I agree that the core of the democratic process lies within the freedom of the individual to express his/her opinions in an egalitarian environment - however if these comments are mysogynistic, defamatory or marginalising to other members of the community then I believe they should be held accountable - the easiest way to reduce the perceived power of these so-called leaders - is to completely ignore what they say - to discuss these people's ideas  in forums or to represent them in the media only elevates them to celebrity status and gives them far more credence than they deserve


----------



## Taurisk (30 January 2007)

Julia said:
			
		

> Perhaps women could just go for full body armour and be done with it, huh?
> 
> Julia




You make me laugh, Julia! 
I have thought that I had little prejudice but when it comes to the way women are regarded in the Muslim world I get physically uncomfortable; I don't want those attitudes imported into our lovely country.  This religion is anti-feminist, medieval, and unsuitable to a modern democracy, because it does not understand the basics of what human brother- and sisterhood means.  It makes me sad that we are having those sorts of discussions in the early 21st century.  

Taurisk


----------



## IGO4IT (30 January 2007)

Taurisk said:
			
		

> You make me laugh, Julia!
> I have thought that I had little prejudice but when it comes to the way women are regarded in the Muslim world I get physically uncomfortable; I don't want those attitudes imported into our lovely country.  This religion is anti-feminist, medieval, and unsuitable to a modern democracy, because it does not understand the basics of what human brother- and sisterhood means.  It makes me sad that we are having those sorts of discussions in the early 21st century.
> 
> Taurisk




A little clarification Taurisk, what's currently implemented in the Arab world in NOT derived by muslim laws.

Arab world holds a lot of baggage of thousands of years of traditions & uneducation & they have nothing to do with Muslim rules.

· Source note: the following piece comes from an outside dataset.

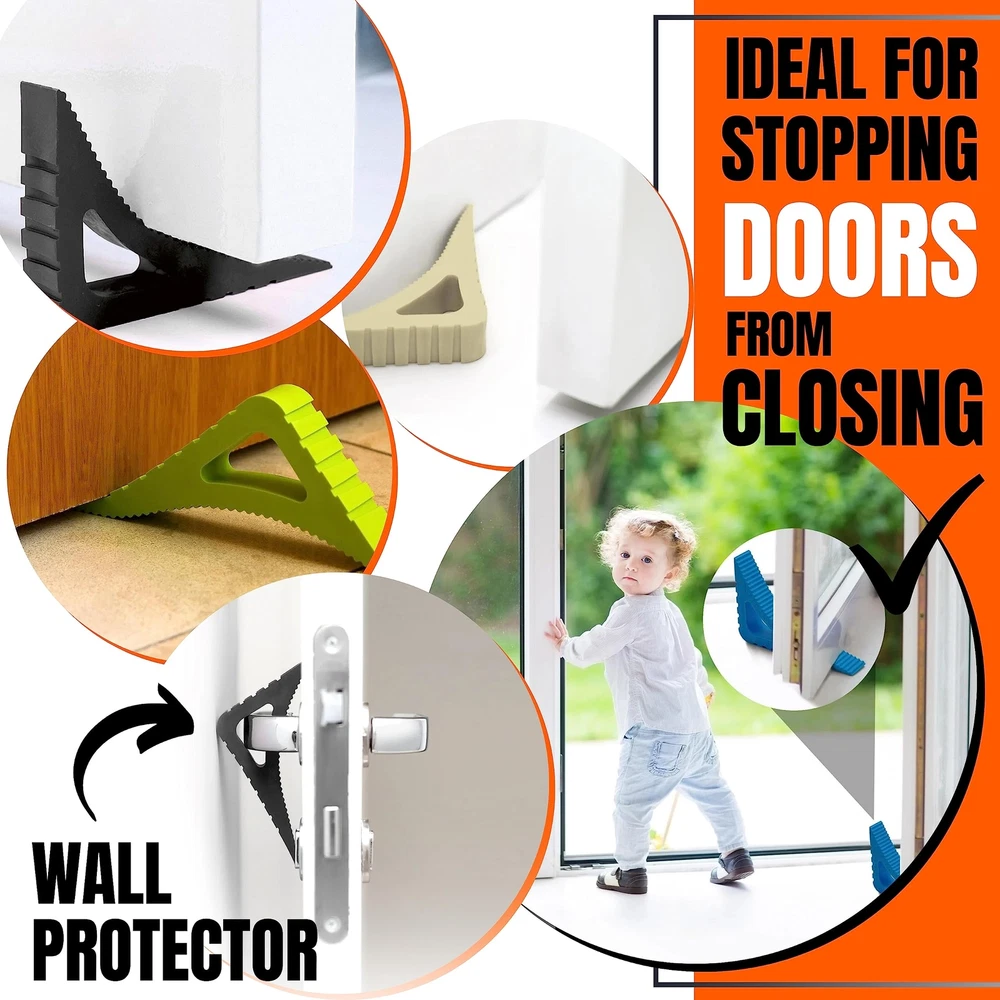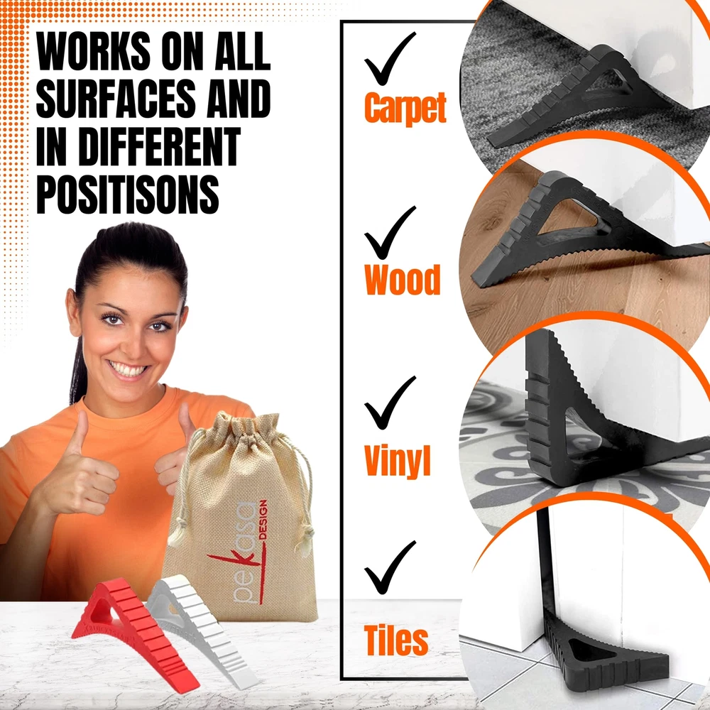 Pekasa Door Stopper is perfect for any home. It is made of durable flexible rubber that will stop and hold your door or window from closing. It can be easily shaped to fit in all spaces where it can be used. No tools, glue or drilling are necessary for its installation and use. It can be placed and removed easily. It's suitable for any type of floor surface like wood, carpet, concrete, marble, vinyl and it can be used indoors or outdoors. This fun and cute door stopper has an Award Winning triangular shape, that is very flexible, and has all 3 sides indented with small notches in order to allow it to fit in most door heights, most door hinges and window frames which make it a very versatile product to have in your home or office. This unique door jam has many uses and is like nothing you have had in your house before. You can use it on doors to keep them from closing, door hinges to prevent them from shutting, window frames to keep them open, and also on your door handles to keep them from hitting and damaging walls and furniture. This door stop is made from lead free rubber that is very strong which allows it to convert and twist into a lot of different positions so that it can be long-lasting and resistant through time and use. It is also washable. Actual item color may vary from the color of the picture. This is available to purchase in 1, 2 or 3 unit packs. Doorstops wedge available in multiple colors - you can purchase large door stop in 12 colors: Black, Smokey Gray, White, Dark Blue, Canary Yellow, Coral Red, Gold Sand, Hot Pink, Lime Green, Papaya Orange, Purple Punch and Sky Blue. DOOR STOP THAT WORKS - This high end decorative door stopper is made from durable, flexible and strong rubber that will last a long time. The size of this doorstop will hold doors with clearances up to 1.5 in. May not work on all doors and surfaces MULTISURFACE DOOR JAM - These premium quality rubber door stopper wedge are perfect for most floors like tile concrete wood or carpet. Large door stop for heavy doors and tall door stopper. Door stops for carpet. May not work on all floor types. DECORATIVE DOOR STOPPERS FOR BOTTOM OF DOOR - This is not your typical traditional door holder, this is a premium modern colorful cute door stopper that will catch your eye and will look great in your home or office, or as a great gift idea MULTI-USE DOOR STOPPERS - This door stops for floor is great for any door, as you can use it in different ways due to its unique and different design. Can be used on doors, as a window wedge, hinges, sliding doors and handles to protect walls DOOR STOPPERS FLOOR PERFECT SIZE – Its triangular shape allows it to hold doors and windows due to its very unique size 4.72 x 0.78 x 3.15 inches. Free of Lead, BPA and Phthalates and it is odorless. 100% Customer Satisfaction if not satisfied SET OF 1, 2 OR 3 DOOR JAMMER - This large door stopper wedge is a great rubber door stopper and works as a heavy duty door stop or door wedge stopper. You can buy in packs of 1, 2 or 3 heavy door stopper (door wedge yellow) DOORSTOPS WEDGE AVAILABLE IN MULTIPLE COLORS - You can purchase large door stop in 12 colors: Black, Smokey Gray, White, Dark Blue, Canary Yellow, Coral Red, Hot Pink, Lime Green, Papaya Orange, Purple Punch, Sky Blue and Vanilla Creme WORKS AS A WINDOW WEDGE STOPPER - our large door stopper works perfectly as a window wedge window stop. This rubber window stopper will work great to keep your windows opened.

The level of corruption & anti-social values they hold has nothing to do with the reliegon that promotes peace & equality & freedom of speech.

Physically, there's no such a thing as "Muslim world" or even "Muslim countries", as there no such a country on our planet that is implementing the muslim ruling 100% so far......if you find such a country then pls let me know, because there isn't any!

Islam, the reliegon, is simply a reliegon that you (as a person) may like to follow or not follow. Govts on the other hand, may choose to follow (SOME) of its ruling to make it a general law but no existing govt could implement that whole system as reliegon doesn't have a govt system, a reliegon is only a way an INDIVIDUAL is to communicate with his/her God.

If you're scared that muslims will take over our nice world then don't worry, those in power everywhere in the world are not interested in your country & their reliegon doesn't tell them to go & attack others. If you're scared of few dozens or even thousands that may terrorise you & other muslims as well, then you have the right to be scared. Use your civilised brain in identify them, ask the question why they hate us, fix the problem & you're done!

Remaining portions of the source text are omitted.